A sensitivity analysis was conducted to ascertain the relative importance of the different adjustments performed to validly compare STD prevalence across the sites. We used male NG prevalence and female HSV-2 prevalence as examples for the sensitivity analysis. To determine the relative importance of the sensitivity and specificity of diagnostic tests we varied each alone and then the combination. The sensitivity and prevalence of a positive screening test were varied one at a time, together and in combination with diagnostic test performance. For screening test performance, we used the values observed for NG in men during the Misungwi study and lower and upper limits. The lower bound for the sensitivity of the screening test was 44% (half that of the default value) and the upper bound was 95%. To assess the importance of selection bias we varied the proportion sexually active in the Rakai HSV-2 data. The proportion reporting sexual activity was used as the base case adjustment. To estimate an upper limit for HSV-2 prevalence, we assumed under-reporting of sexual activity was 50% (of those who denied sexual activity, half were truly sexually active) among 15–19 year olds, 5% among 20–24 year olds, and 0% in 25–29 year olds.

RESULTS

Table 1 shows published estimates of the sensitivity and specificity of the diagnostic tests. Where possible, the average sensitivity and specificity for each test are also given. For NG in men, only one study directly comparing the diagnostic properties of LCR on urine to Gram stain of urethral smears was identified for an STD clinic population and so we used data from this study.21 Similarly, only one study was available to determine the diagnostic performance of each of the HSV-2 serological tests. For the tests used in Mwanza, sensitivity was generally low, mean estimates ranging between 49% and 91%. For the Masaka tests, mean sensitivities ranged between 84% and 91%. For the Rakai tests, mean sensitivities ranged between 79% and 92%. Mean specificities were between 93% and 100% for Mwanza and Masaka and were 100% for all tests used in Rakai.

Table 1

Published values for sensitivities and specificities of gonorrhoea, chlamydia, trichomoniasis, and HSV-2 diagnostics used in the trials

Table 2 lists all adjustments required for the STD prevalence comparison. For diagnostic tests, these were based on the means and ranges given in table 1. For the screening test used for NG and CT testing in men in Mwanza, we estimated sensitivity at 53% for CT and 88% for NG; prevalence of a positive screening test, needed for the adjustment according to equation 2 was about 25% for all age groups. For selection bias adjustment of the Rakai HSV-2 data, measured proportions sexually active for each age group are listed.

Table 2

Diagnostic test, screening test and selection bias adjustments for STD measured at basline in Rakai (Rk), Masaka (Mk), and Mwanza (Mw)

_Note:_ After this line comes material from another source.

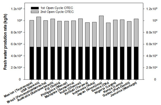 Samoa, where the seawater heat source is 29.3 °C, showed production of 757.6 kW with the single-stage open-cycle model, representing the largest net power generation, whereas Japan showed the lowest power generation of 323.6 kW with the single-stage open-cycle model due to its low heat source temperature of 25.0 °C. In addition, values of 59,332 kg/h and 59,152 kg/h were obtained for freshwater production in Samoa and Japan. Converting electricity and freshwater into production costs, annual revenues of $2,409,000 in Samoa and about $1,417,000 in Japan were reported. However, it was confirmed that Kiribati and Nigeria, which have high costs of electricity and fresh water, were the largest beneficiaries with $4,703,000 and $3,382,000, respectively.
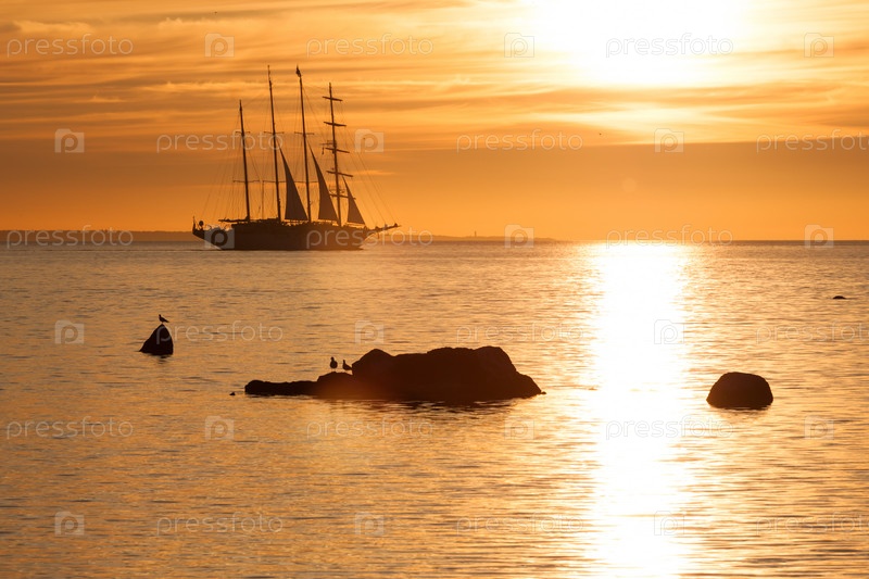 Силуэт шхуны на закате

Table 3 shows observed prevalences with 95% confidence intervals and adjusted prevalences of CT, NG, TV, and HSV-2 serology. For serological (TPHA+/RPR+) and active high titre (TPHA+/RPR≥1:8) syphilis only the directly observed prevalences are given as adjustment was not necessary. In general, similar sample sizes were used in the three studies so sampling errors of the observed prevalences were similar across the three trials.

Table 3

Observed and adjusted prevalence among women and men for CT, NG, TV, HSV-2 serology, serological syphilis (TPHA+/RPR+) and active high titre syphilis (TPHA+/RPR≥1:8) in Rakai, Masaka, and Mwanza

In women, observed prevalences of CT and NG were higher in Mwanza than in Rakai and Masaka. After adjustment for diagnostics these differences were accentuated. Observed and adjusted prevalence of CT was higher in Rakai than in Masaka but prevalence of NG was similar in the two Ugandan sites. Observed TV prevalence was similar in Mwanza and Rakai, but after adjustment, prevalence was higher in Mwanza compared to Rakai. Observed prevalence of serological syphilis was higher in Rakai and Masaka than in Mwanza but prevalence of active high titre syphilis was much higher in Mwanza than in Rakai and Masaka. Also for HSV-2, seroprevalence was slightly lower in the Ugandan sites compared to Mwanza even after allowing for possible under-reporting of sexual activity in Rakai.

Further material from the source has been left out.